The Equality Act Has a Foundational Legal Problem

Let’s begin with a simple question. What’s the purpose of nondiscrimination law? As a general matter, such laws are not designed to eliminate all discrimination on the basis of the protected characteristic. Instead, the desire is to eliminate invidious discrimination. The phrase “invidious discrimination” is critical. It’s a legal term of art that generally means “a classification which is arbitrary, irrational and not reasonably related to a legitimate purpose.”

Indeed, the effort to eliminate all discrimination based on protected characteristics can result in unjust and nonsensical outcomes. Do we want laws holding that separate male and female lockers and showers are per se unlawful? Or should there be no legal preference for female guards to perform strip searches of female prisoners? Should we end the distinction between male and female sports and simply say that the best athlete gets the spot?

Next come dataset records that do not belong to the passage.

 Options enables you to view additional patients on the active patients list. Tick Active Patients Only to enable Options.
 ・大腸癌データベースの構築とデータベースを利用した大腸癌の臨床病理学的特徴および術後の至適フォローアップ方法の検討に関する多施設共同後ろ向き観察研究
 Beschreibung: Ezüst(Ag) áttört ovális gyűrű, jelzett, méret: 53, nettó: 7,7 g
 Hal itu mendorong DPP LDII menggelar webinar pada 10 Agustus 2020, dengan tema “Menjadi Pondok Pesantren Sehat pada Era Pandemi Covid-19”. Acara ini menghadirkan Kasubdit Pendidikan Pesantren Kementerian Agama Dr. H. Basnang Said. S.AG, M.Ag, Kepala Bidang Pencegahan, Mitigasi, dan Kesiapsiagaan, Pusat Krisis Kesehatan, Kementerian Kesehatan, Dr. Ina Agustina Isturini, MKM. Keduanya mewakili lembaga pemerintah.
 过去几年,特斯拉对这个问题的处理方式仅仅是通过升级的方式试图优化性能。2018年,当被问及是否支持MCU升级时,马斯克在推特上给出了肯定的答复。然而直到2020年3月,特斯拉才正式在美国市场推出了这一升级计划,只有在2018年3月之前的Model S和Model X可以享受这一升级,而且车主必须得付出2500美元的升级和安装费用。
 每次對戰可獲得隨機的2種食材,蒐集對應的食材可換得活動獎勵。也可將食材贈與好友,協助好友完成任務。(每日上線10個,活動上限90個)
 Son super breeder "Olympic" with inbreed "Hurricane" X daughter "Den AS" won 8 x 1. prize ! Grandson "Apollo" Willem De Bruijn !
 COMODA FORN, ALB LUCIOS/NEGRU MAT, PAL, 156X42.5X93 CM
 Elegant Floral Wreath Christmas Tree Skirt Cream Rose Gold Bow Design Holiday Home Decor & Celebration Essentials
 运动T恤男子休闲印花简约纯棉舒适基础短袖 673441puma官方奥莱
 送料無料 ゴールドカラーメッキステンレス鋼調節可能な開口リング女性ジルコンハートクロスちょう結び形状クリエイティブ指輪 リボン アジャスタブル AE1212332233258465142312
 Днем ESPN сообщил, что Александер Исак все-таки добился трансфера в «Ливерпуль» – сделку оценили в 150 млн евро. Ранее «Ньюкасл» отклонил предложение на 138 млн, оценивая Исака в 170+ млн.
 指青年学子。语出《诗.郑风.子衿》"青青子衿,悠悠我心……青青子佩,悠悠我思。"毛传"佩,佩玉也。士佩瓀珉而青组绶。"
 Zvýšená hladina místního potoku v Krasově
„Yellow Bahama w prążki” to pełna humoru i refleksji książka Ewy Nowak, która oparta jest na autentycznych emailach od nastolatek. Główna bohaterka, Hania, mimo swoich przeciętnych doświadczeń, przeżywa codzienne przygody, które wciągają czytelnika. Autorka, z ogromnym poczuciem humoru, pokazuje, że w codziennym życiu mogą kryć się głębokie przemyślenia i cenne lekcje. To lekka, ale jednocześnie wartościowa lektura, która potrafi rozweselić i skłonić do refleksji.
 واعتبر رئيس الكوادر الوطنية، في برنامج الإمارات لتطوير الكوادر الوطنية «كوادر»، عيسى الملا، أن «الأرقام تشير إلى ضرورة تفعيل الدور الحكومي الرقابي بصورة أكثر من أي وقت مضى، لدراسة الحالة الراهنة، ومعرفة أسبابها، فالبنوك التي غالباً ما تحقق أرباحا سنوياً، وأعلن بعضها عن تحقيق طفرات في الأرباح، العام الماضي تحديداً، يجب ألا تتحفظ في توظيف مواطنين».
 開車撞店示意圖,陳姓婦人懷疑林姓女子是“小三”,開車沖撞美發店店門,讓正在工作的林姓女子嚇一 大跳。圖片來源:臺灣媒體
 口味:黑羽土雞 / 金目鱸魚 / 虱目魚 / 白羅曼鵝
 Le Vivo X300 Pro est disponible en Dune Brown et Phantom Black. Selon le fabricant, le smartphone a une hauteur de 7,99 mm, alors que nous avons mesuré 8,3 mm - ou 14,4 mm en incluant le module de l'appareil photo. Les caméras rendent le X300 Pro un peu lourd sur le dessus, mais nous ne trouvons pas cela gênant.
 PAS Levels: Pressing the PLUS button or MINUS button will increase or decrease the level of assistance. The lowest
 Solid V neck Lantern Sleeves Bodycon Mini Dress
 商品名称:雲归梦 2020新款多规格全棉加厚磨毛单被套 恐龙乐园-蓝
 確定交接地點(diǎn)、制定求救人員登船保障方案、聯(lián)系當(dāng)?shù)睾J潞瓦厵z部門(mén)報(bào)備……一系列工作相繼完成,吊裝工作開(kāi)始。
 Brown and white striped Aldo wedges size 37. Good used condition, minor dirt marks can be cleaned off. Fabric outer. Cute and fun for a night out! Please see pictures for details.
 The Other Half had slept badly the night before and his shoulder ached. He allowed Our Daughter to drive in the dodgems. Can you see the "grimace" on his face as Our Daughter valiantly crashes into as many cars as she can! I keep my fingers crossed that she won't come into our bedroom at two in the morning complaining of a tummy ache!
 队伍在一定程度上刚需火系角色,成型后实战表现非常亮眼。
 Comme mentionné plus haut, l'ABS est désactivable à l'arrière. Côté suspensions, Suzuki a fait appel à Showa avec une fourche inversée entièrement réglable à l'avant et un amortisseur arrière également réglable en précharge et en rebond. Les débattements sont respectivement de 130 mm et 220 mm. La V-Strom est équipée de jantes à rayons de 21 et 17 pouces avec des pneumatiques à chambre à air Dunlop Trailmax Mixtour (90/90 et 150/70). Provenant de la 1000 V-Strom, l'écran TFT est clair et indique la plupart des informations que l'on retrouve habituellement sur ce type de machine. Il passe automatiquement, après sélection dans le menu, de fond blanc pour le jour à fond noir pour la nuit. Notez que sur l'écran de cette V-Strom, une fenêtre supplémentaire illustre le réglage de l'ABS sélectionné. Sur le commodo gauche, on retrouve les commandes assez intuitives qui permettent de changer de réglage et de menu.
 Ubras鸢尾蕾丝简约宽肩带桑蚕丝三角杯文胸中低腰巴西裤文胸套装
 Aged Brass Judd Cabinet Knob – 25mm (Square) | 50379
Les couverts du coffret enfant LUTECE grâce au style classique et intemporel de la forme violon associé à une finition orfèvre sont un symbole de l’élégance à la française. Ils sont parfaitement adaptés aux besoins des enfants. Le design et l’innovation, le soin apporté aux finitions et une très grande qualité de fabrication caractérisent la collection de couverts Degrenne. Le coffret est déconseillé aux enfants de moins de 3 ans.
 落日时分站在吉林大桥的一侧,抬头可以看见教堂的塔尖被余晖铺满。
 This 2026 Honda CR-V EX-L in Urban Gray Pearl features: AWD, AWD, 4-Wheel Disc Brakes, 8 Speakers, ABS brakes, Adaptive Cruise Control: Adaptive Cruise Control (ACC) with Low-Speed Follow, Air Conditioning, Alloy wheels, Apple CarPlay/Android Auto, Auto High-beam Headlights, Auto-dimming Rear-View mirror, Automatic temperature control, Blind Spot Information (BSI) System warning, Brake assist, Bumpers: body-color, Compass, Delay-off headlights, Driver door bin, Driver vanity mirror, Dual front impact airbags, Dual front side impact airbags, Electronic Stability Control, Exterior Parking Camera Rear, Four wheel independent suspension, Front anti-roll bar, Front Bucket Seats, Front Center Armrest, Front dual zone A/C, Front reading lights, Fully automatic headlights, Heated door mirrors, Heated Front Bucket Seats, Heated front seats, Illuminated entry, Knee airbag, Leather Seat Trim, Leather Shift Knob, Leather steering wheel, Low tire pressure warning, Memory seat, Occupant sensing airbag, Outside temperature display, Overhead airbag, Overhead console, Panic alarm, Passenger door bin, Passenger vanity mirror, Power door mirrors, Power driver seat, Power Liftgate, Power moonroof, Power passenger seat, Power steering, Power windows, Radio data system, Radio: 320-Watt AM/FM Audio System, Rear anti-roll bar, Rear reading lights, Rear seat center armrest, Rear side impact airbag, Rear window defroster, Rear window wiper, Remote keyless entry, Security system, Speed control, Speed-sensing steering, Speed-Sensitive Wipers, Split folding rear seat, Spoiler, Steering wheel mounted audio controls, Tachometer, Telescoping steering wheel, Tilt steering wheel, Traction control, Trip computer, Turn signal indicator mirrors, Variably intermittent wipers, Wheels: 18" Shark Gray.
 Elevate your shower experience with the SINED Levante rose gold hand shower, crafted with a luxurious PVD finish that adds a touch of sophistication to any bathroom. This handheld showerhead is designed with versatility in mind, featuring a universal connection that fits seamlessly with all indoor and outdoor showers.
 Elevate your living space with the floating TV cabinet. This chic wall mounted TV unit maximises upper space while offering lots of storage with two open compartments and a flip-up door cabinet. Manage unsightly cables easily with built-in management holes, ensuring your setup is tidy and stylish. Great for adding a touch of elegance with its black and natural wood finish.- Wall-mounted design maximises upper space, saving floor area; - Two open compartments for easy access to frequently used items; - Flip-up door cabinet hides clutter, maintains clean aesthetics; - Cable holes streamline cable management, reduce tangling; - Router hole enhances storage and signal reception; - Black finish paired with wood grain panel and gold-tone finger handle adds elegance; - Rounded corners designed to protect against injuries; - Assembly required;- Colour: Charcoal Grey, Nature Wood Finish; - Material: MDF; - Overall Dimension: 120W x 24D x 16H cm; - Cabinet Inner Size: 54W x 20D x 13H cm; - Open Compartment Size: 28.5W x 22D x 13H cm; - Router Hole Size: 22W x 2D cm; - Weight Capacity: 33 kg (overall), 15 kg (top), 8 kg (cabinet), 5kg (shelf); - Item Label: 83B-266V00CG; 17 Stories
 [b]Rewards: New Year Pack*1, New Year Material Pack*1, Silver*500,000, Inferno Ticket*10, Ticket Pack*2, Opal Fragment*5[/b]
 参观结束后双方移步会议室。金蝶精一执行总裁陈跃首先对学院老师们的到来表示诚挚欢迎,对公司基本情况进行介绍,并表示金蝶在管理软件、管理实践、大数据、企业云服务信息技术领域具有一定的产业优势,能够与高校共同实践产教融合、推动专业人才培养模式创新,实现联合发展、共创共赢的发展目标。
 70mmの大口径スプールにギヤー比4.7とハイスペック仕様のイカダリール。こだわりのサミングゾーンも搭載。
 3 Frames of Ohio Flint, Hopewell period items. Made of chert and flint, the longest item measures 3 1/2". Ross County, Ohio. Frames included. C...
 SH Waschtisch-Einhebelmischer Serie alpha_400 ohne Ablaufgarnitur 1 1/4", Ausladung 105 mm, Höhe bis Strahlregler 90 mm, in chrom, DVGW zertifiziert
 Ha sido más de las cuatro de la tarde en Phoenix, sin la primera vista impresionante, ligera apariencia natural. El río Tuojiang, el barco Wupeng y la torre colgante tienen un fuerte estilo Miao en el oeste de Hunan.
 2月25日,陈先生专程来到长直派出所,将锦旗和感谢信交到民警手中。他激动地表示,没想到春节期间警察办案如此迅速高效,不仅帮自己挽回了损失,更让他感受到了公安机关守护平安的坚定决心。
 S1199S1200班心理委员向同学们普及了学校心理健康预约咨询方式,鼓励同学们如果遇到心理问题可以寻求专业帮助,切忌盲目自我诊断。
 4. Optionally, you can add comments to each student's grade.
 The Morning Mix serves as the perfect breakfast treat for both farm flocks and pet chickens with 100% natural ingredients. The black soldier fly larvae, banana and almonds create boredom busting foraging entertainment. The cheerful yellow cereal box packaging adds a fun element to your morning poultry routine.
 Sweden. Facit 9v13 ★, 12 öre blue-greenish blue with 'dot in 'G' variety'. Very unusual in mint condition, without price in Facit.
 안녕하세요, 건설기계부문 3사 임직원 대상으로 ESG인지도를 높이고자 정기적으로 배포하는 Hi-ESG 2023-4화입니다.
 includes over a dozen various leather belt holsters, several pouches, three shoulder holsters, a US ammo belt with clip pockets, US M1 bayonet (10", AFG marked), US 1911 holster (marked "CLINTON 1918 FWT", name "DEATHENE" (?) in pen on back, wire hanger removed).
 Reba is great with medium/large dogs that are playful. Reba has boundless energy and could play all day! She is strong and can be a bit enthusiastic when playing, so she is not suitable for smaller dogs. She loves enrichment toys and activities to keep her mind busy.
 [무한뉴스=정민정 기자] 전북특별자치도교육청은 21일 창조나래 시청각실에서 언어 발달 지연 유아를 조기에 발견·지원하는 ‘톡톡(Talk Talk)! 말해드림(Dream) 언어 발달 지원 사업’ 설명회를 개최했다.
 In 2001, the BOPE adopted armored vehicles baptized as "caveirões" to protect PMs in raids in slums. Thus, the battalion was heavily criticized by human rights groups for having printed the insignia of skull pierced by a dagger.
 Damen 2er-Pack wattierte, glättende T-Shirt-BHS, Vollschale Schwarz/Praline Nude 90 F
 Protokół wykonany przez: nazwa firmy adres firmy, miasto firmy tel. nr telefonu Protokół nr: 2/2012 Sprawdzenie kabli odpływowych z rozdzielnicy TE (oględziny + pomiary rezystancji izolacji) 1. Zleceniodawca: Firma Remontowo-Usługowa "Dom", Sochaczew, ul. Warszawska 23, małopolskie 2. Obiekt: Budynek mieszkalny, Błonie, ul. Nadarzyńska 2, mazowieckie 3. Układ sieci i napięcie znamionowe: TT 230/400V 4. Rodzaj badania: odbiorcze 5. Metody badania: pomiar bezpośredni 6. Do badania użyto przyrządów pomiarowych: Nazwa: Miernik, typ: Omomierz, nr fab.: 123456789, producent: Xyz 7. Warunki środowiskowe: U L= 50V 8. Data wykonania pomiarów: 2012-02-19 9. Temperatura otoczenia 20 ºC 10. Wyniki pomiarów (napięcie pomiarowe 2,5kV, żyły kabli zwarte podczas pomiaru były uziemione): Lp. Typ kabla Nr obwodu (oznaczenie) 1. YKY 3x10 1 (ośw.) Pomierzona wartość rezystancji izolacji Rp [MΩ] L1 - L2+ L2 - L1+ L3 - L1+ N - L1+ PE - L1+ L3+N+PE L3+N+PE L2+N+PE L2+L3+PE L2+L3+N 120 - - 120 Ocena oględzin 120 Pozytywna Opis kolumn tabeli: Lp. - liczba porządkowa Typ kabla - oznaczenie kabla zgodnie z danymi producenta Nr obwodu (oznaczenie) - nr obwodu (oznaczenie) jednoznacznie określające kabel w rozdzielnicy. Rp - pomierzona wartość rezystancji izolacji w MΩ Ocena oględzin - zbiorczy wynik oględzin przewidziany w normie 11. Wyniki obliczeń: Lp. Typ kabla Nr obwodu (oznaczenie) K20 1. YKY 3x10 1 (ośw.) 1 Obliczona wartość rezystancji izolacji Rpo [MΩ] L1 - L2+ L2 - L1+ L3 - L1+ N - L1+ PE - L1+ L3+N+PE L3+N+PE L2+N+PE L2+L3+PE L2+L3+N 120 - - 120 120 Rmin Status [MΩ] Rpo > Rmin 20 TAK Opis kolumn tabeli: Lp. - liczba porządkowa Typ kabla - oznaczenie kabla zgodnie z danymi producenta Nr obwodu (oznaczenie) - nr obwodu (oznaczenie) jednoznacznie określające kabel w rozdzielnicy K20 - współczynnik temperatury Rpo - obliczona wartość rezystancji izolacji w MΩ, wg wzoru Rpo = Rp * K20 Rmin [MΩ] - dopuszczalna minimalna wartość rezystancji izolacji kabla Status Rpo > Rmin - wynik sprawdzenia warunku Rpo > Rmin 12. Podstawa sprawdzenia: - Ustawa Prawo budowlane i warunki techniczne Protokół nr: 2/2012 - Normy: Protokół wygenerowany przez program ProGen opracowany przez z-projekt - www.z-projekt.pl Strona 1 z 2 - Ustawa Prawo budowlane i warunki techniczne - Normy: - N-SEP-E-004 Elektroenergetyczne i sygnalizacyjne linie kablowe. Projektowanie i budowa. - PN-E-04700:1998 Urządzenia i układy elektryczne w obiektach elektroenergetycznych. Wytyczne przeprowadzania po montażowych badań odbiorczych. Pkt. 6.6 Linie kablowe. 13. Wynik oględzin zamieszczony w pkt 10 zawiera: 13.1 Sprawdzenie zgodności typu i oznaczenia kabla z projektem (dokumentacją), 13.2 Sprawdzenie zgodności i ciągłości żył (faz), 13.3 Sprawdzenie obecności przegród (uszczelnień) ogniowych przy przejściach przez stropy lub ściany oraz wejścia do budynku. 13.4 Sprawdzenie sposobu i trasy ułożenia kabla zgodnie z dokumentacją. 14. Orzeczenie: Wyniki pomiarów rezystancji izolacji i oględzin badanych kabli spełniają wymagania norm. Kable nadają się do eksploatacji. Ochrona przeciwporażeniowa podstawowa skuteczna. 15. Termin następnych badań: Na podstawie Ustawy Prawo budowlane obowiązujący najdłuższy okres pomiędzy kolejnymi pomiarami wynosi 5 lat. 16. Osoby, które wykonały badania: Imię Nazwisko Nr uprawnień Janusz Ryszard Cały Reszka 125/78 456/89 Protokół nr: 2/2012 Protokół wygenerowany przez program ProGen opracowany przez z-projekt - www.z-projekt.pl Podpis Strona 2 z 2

In each of these circumstances, a truly sex-blind system would actually hurt women—achieving a result the opposite of the law’s intent.

On the other hand, we also know what invidious sex discrimination looks like. We see it in hostile environment sexual harassment, when women are subjected to gross, sexist abuse in the workplace. We see it when employers refuse to hire female workers because they “might get pregnant.” We see it in quid pro quo sexual harassment, when women are coerced into trading sex for promotions or pay raises. In those circumstances, nondiscrimination law stands as a firewall against systemic injustice and exploitation.

A truly effective and just nondiscrimination law does its best to navigate the distinction between invidious and benign (or even necessary) acts of discrimination. It recognizes the limits of the state’s interests, and it pulls back when it conflicts with fundamental constitutional rights.